Eisenhower was not convinced of the desirability of this legislation, and vetoed the bill. He objected to those features that served to limit local responsibility and to increase unwarranted government expenditures. He specifically opposed the 100% grant for public facilities, the loosely-drawn criteria for eligibility, the inclusion of rural districts, the inclusion of long-term loans, the high loan limit, and the low interest rates.32 Eisenhower and his economic advisors were not unsympathetic to the hardships of depressed areas and the country's need for economic growth. But they believed that breaking the rules of community responsibility and fiscal conservatism was too great a price to pay. Moreover, the dominant thinking in the Administration emphasized aggregate rather than structural considerations.
Despite the presidential veto, legislators continued to introduce bills dealing with depressed areas. After the 1958 election, partisan lines had solidified to the point where a compromise bill introduced by Senator Hugh Scott (D-PA) and another Administration bill failed to make any headway. Without the support of Payne, whom Edmund Muskie had unseated in Maine, Douglas reintroduced his bill with minor changes. Despite political wranglings, the bill passed both Houses, and in 1960 reached the President's desk. In spite of the exhortations from Cabinet members, including Secretary Mitchell and Vice President Richard Nixon, Eisenhower again vetoed the bill. The climax of the saga of area redevelopment legislation awaited the outcome of the 1960 presidential election.

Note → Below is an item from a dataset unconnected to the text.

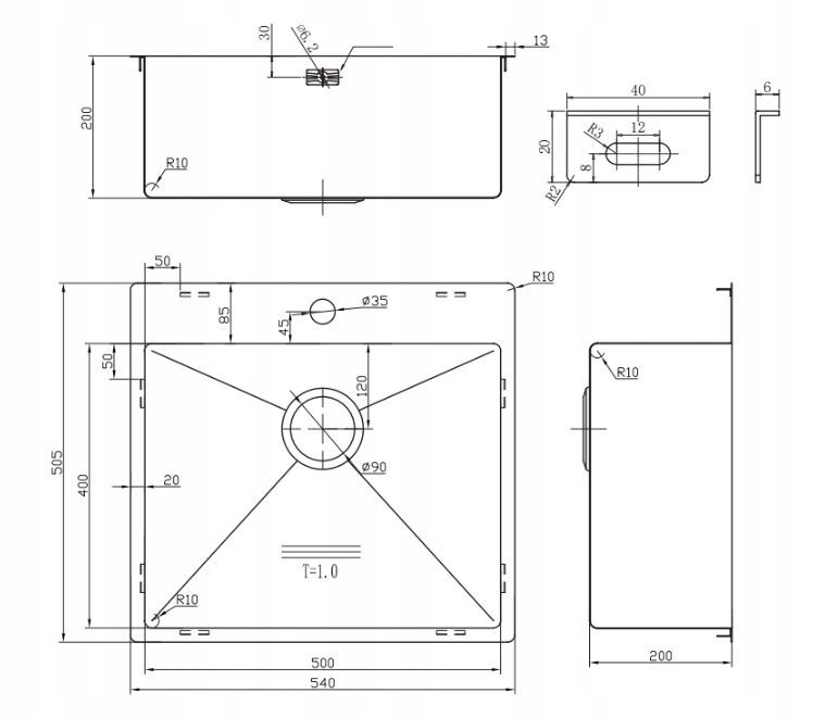 Zlewozmywak jednokomorowy o wymiarach 540 x 505 mm. Powierzchnia odporna na szok termiczny i uszkodzenia mechaniczne.

Although it was later determined that the peak of the business cycle was reached in August 1957, and in hindsight, action to fight a recession was called for, the Federal Reserve raised the discount rate one-half percentage point in that nonth to 3.5 percent. Four months later the error was apparent and the discount rate was lowered to 3 percent. By April 1958 four more reductions brought the rate down to 1.75 percent. In this same period, required reserve ratios at member banks in New York and Chicago were reduced in four steps, from 0.20 to 0.18.
A deliberately tight fiscal policy slowed the growth of expenditures in 1959 and 1960, contributing to the weak recovery frm the 1957-58 recession. Government purchases of goods and services actually declined because the Eisenhower Administration and many in Congress wanted a large actual budget surplus.
Their desire, however, was not prompted by any simplistic notions that deficits are always bad and surpluses always good (and the larger the better). Rather, four cmplex factors came into play. First, inflation was feared and this fear intensified because, for the first time, prices had continued to rise during the just-past recession. Second, economic growth as a national objective received much interest and many felt that a Government budget surplus facilitates that growth by making resources available for capital formation.
Third, the deficits in the nation's international balance of payments that had been occurring almost continuously since World War II became, for the first time, a matter of rather widespread concern and many believed that a surplus in Federal budget would, in ways that were never specified, alleviate the problem. Fourth, many held that fiscal parameters should be set so as to produce deficits in recession and large surpluses as recovery continued.
Because the recovery from the 1957-58 downturn was very sluggish (a new recession began in April 1960), actual revenues did not grow sufficiently to produce the hoped-for large surpluses. The increases in the full employment surplus between 1958 and 1960, and the huge surplus of $12.8 billion that would have existed in 1960 had the unemployment rate been around 4 percent.